I'd like every entry transcribed word for word, with no pictures.

> [GIVEN DATA]:
----
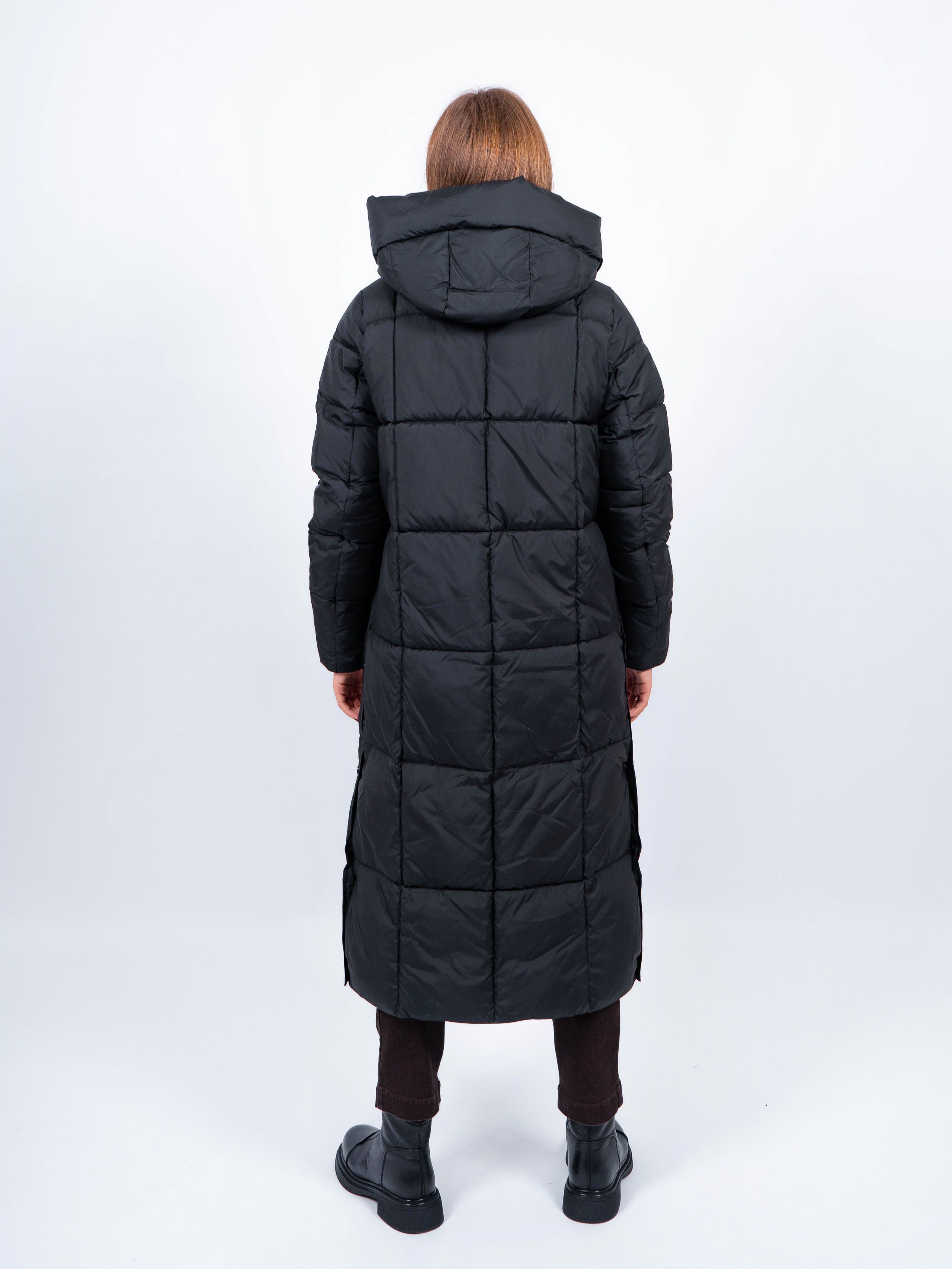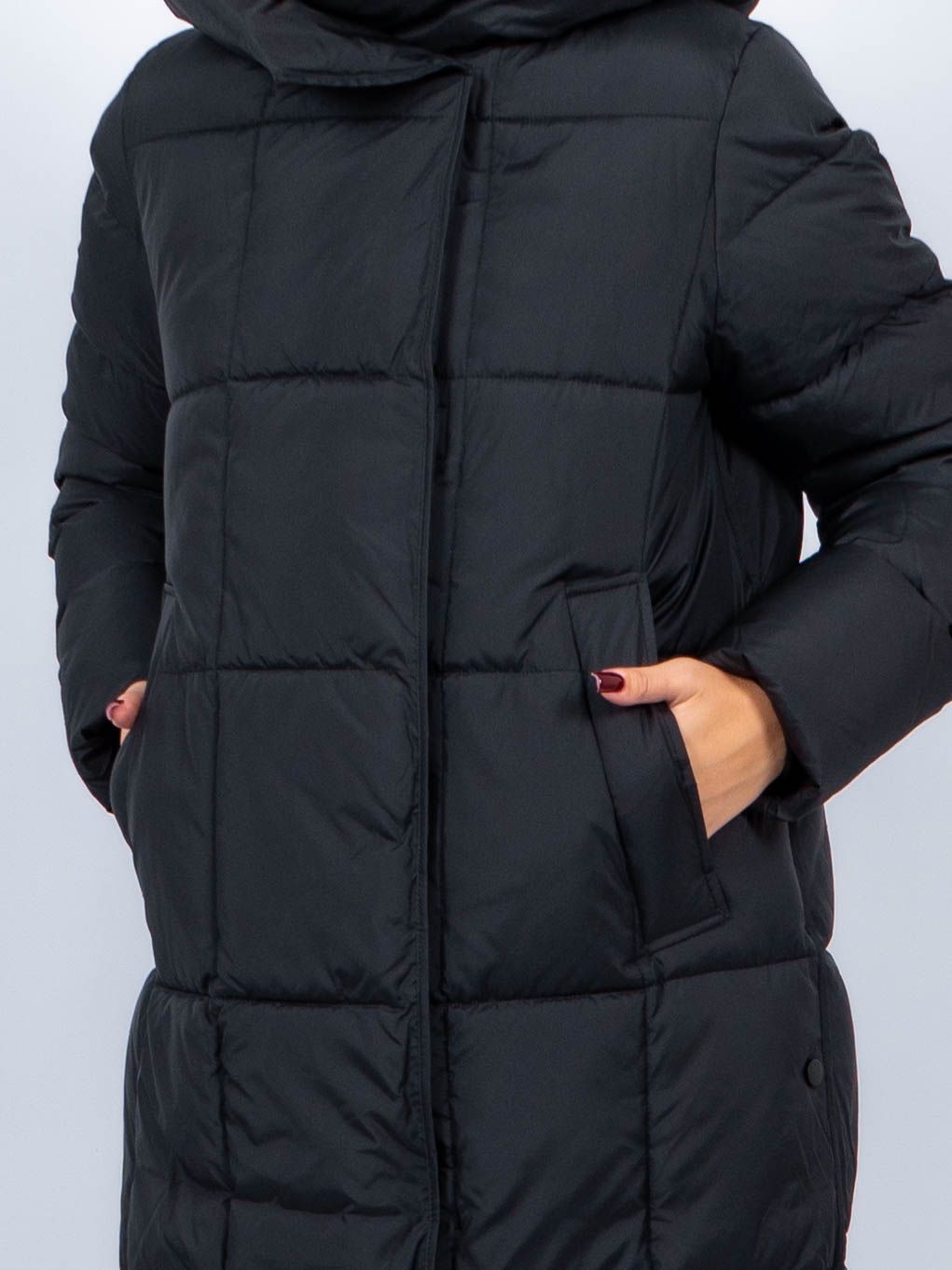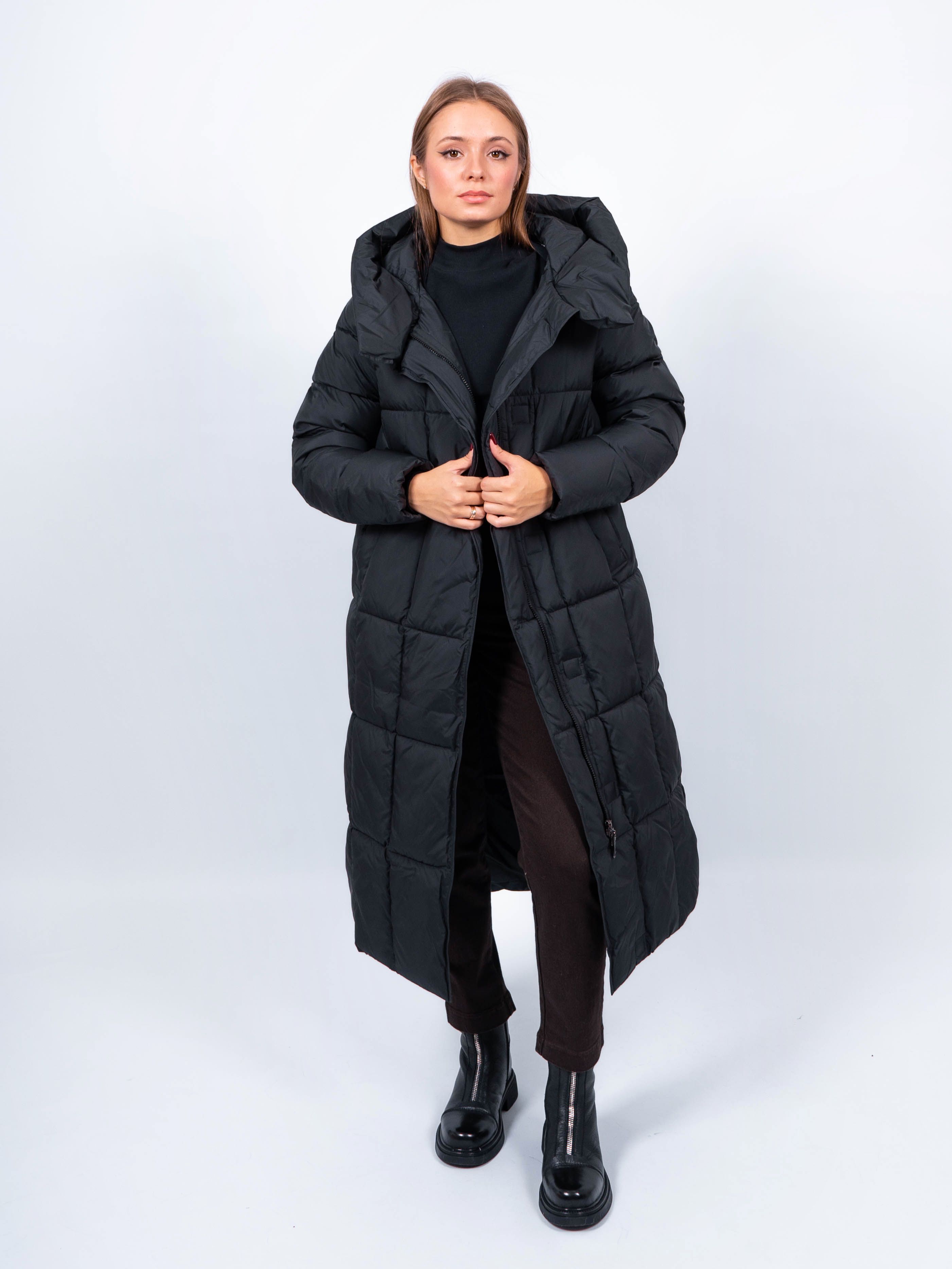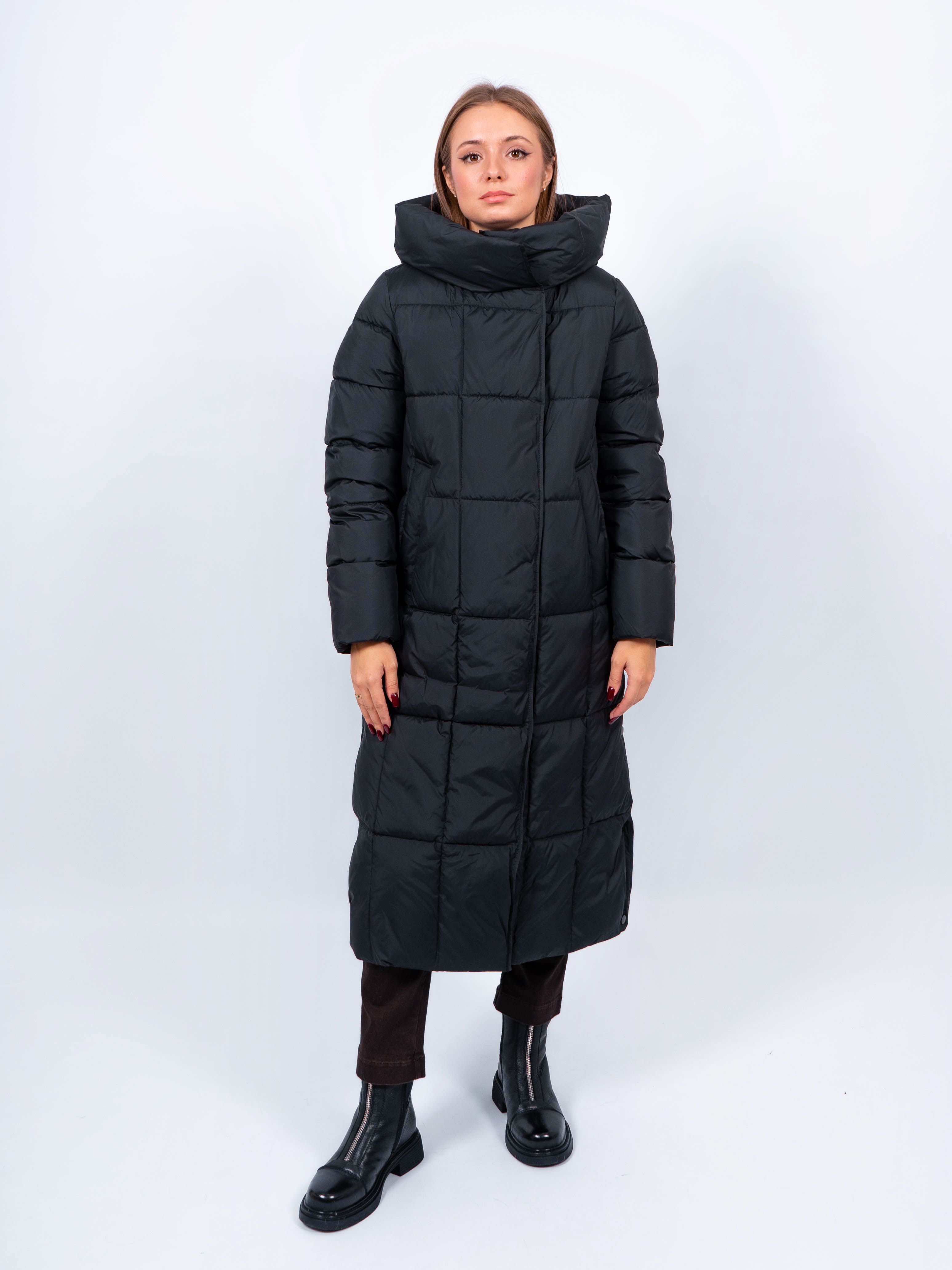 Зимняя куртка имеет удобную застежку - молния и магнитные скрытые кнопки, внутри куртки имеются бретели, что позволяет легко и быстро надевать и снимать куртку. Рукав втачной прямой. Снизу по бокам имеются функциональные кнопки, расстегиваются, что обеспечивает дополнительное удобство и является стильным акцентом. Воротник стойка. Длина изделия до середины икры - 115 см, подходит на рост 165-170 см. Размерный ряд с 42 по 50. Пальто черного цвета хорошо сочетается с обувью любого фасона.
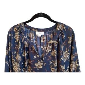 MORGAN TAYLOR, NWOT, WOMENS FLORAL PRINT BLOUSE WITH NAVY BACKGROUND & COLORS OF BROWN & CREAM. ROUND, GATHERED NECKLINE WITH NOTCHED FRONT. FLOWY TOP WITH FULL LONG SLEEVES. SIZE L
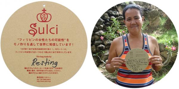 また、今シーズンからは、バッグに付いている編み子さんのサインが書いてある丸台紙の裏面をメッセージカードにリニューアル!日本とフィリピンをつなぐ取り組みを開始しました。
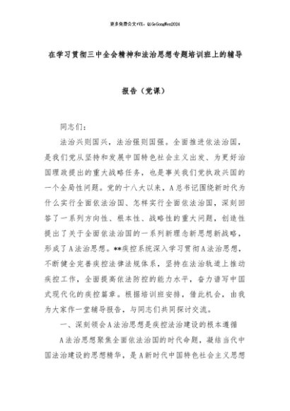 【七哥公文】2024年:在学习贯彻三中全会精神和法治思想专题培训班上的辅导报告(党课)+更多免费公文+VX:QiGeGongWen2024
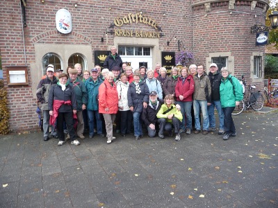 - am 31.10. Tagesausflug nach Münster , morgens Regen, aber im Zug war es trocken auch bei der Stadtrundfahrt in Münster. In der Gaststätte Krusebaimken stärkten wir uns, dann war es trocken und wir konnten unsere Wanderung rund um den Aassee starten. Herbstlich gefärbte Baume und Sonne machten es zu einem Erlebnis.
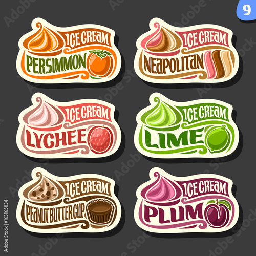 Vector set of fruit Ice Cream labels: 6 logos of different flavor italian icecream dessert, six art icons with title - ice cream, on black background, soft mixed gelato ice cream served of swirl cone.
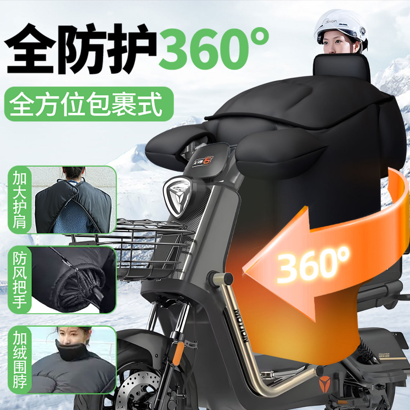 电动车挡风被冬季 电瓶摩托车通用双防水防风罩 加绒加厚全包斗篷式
----
> [OUTPUT BELOW]:
 Зимняя куртка имеет удобную застежку - молния и магнитные скрытые кнопки, внутри куртки имеются бретели, что позволяет легко и быстро надевать и снимать куртку. Рукав втачной прямой. Снизу по бокам имеются функциональные кнопки, расстегиваются, что обеспечивает дополнительное удобство и является стильным акцентом. Воротник стойка. Длина изделия до середины икры - 115 см, подходит на рост 165-170 см. Размерный ряд с 42 по 50. Пальто черного цвета хорошо сочетается с обувью любого фасона.
 MORGAN TAYLOR, NWOT, WOMENS FLORAL PRINT BLOUSE WITH NAVY BACKGROUND & COLORS OF BROWN & CREAM. ROUND, GATHERED NECKLINE WITH NOTCHED FRONT. FLOWY TOP WITH FULL LONG SLEEVES. SIZE L
 また、今シーズンからは、バッグに付いている編み子さんのサインが書いてある丸台紙の裏面をメッセージカードにリニューアル!日本とフィリピンをつなぐ取り組みを開始しました。
 【七哥公文】2024年:在学习贯彻三中全会精神和法治思想专题培训班上的辅导报告(党课)+更多免费公文+VX:QiGeGongWen2024
 - am 31.10. Tagesausflug nach Münster , morgens Regen, aber im Zug war es trocken auch bei der Stadtrundfahrt in Münster. In der Gaststätte Krusebaimken stärkten wir uns, dann war es trocken und wir konnten unsere Wanderung rund um den Aassee starten. Herbstlich gefärbte Baume und Sonne machten es zu einem Erlebnis.
 Vector set of fruit Ice Cream labels: 6 logos of different flavor italian icecream dessert, six art icons with title - ice cream, on black background, soft mixed gelato ice cream served of swirl cone.
 电动车挡风被冬季 电瓶摩托车通用双防水防风罩 加绒加厚全包斗篷式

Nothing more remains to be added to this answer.